The progress bar sat frozen at 99.9%. It had been there for twenty minutes.
Alex stared at the monitor, the blue light reflecting in his tired eyes. The file name on his desktop was a chaotic jumble of code and ego: Call.of.Duty.Advanced.Warfare.Repack.By.Corepack.Top.exe.
It was 2015. The internet was slow, and patience was a currency Alex was running out of.
"Just finish," he whispered, clutching his lukewarm mug of coffee. He had skipped the steam version, skipping the hefty 50GB download for this "miracle" repack promising the same experience in a fraction of the size. Corepack had a reputation—risky, sometimes buggy, but efficient.
Suddenly, the command prompt flickered. Text scrolled rapidly down the black screen: Unpacking assets... Decompressing textures... Patching executable...
His hard drive whirred, a grinding sound that always made him nervous. It sounded like a jet engine taking off. The estimated size was ballooning, the compressed 15GB repack exploding into the full, monstrous game on his drive.
Error: Archive corrupted? The text flashed. callofdutyadvancedwarfarerepackbycorepack top
Alex’s heart stopped. He leaned forward, ready to scream at the screen.
Retry... Success.
The progress bar jumped. Installation Complete.
He exhaled a breath he didn’t know he was holding. He navigated to the folder, scanning past the 'readme' files and the crack instructions he had already memorized. He clicked the icon.
The screen went black, then lit up with the familiar, booming orange logo of Call of Duty. Then came the high-octane guitar riffs of the menu music. It worked. The Kevin Spacey-rendered face looked out from the main menu, crisp and detailed, defying the low bandwidth that had brought him here.
Alex grabbed his controller. The "Corepack" watermark was gone from his mind now, replaced by the adrenaline of the virtual battlefield. It wasn't the pristine, official Steam version, but it was his victory—a digital trophy won against the tyranny of slow internet and massive file sizes. The progress bar sat frozen at 99
"Let's do this," he said, clicking New Game.
Important Disclaimer:
CorePack is a disbanded group. This guide is for archival and educational purposes only. Downloading copyrighted games without owning a legitimate license may violate laws in your region. Proceed at your own risk.

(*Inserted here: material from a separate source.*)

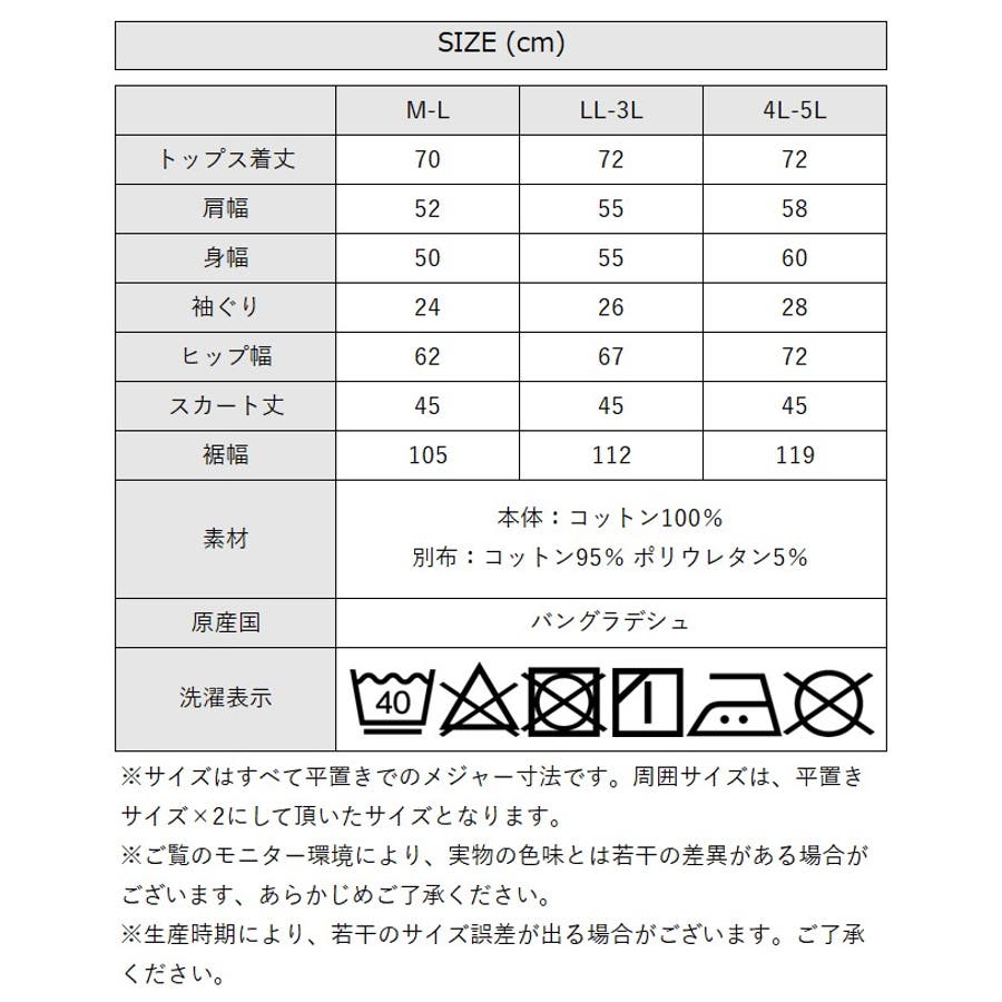 LL-3Lサイズ:着丈72cm、身幅55cm、肩幅55cm、スカート丈45cm、裾幅112cm、そで丈6cm

| Feature | CorePack | FitGirl | Xatab | |---------|----------|---------|-------| | Compressed size | 15–22 GB | 14–19 GB | 18–24 GB | | Install time | Medium | Long (slower CPU) | Fast | | Selective download | Yes (languages/videos) | Yes | No | | Crack included | Yes (CODEX base) | Yes | Yes | | Support status | Disbanded | Active | Active |
.rar, .7z, or .zip parts. Do not run the installer from inside the zipped folder.setup.exe with Malwarebytes / Windows Defender.Advanced Warfare.exe)..bat or .reg files from unknown sources.Use QuickSFV or MD5 Checker to ensure no corrupted downloads.

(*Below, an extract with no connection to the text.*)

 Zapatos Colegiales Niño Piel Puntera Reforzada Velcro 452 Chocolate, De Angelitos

Extract the archive – Use WinRAR or 7-Zip to unpack the .rar or .7z file. Do not run from inside the archive.
Run Setup.exe as Administrator – Right-click and select "Run as administrator." Step 2: Extract the Archives
Select installation directory – Avoid C:\Program Files (permission issues). Use C:\Games\Advanced Warfare or a secondary drive.
Choose components – Uncheck “High-res textures” if you have less than 4GB VRAM. Keep “Multiplayer Bots” checked if you want offline matches.

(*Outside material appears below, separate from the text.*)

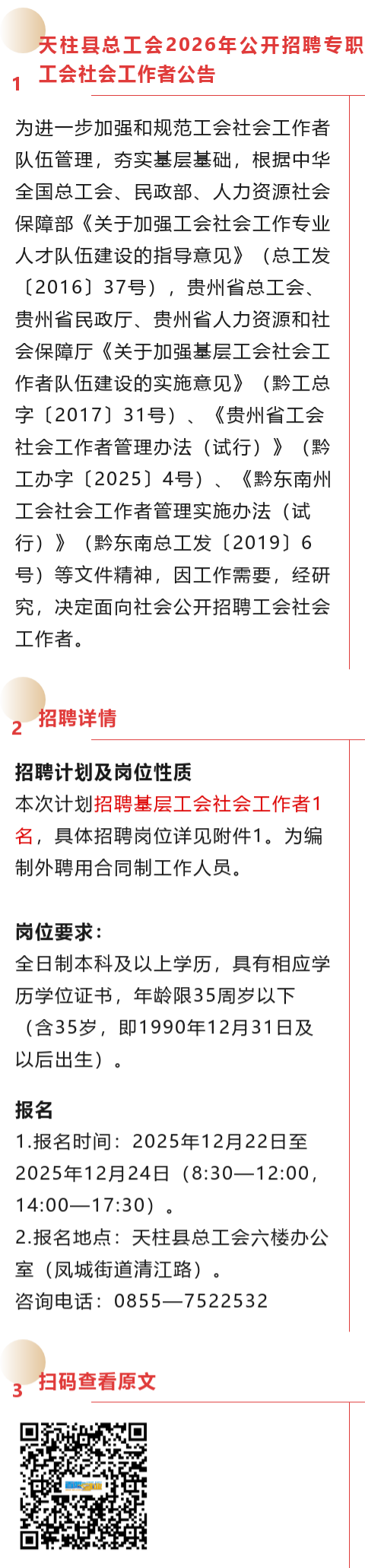 【政府机关】招聘基层工会社会工作者!报名时间:12月22日-12月24日!

Start installation – This will take 20-45 minutes depending on your CPU (CorePack uses high compression, so older i3/i5 CPUs will take longer).
Apply crack – After installer finishes, a window pops up asking “Copy crack files?”. Click YES. If missed, manually copy the CODEX or CorePack folder contents into the game root.
Run the game – Launch s1_sp64_ship.exe for campaign, s1_mp64_ship.exe for multiplayer/zombies.